Every line below is to be given again precisely; images are to be left out.

Exercise data START

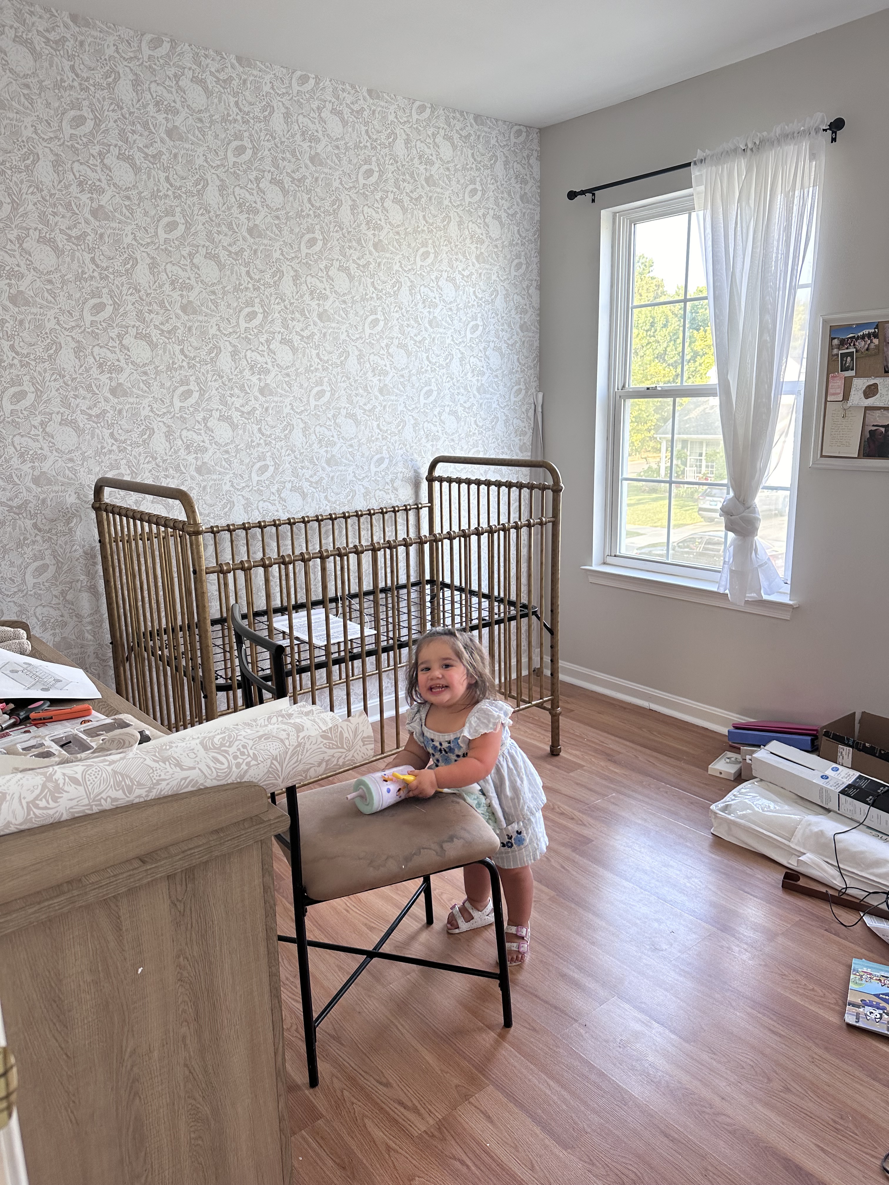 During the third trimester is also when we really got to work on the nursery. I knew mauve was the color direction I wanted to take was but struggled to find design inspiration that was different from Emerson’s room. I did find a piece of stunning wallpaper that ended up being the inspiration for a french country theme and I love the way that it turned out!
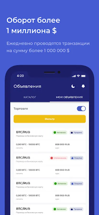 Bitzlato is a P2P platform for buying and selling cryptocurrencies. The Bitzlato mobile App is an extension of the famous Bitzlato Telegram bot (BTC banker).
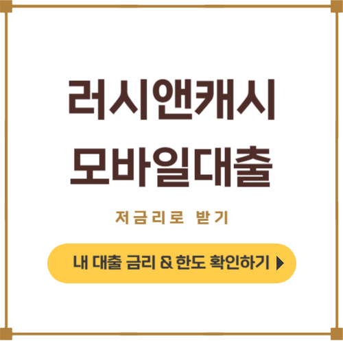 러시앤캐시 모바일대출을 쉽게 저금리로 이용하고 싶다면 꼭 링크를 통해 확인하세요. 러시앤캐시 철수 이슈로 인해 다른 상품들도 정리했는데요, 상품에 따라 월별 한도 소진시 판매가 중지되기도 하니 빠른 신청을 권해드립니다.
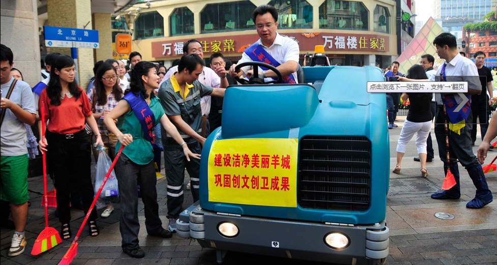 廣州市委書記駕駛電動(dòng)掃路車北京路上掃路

Exercise data END

Answer section:
 During the third trimester is also when we really got to work on the nursery. I knew mauve was the color direction I wanted to take was but struggled to find design inspiration that was different from Emerson’s room. I did find a piece of stunning wallpaper that ended up being the inspiration for a french country theme and I love the way that it turned out!
 Bitzlato is a P2P platform for buying and selling cryptocurrencies. The Bitzlato mobile App is an extension of the famous Bitzlato Telegram bot (BTC banker).
 러시앤캐시 모바일대출을 쉽게 저금리로 이용하고 싶다면 꼭 링크를 통해 확인하세요. 러시앤캐시 철수 이슈로 인해 다른 상품들도 정리했는데요, 상품에 따라 월별 한도 소진시 판매가 중지되기도 하니 빠른 신청을 권해드립니다.
 廣州市委書記駕駛電動(dòng)掃路車北京路上掃路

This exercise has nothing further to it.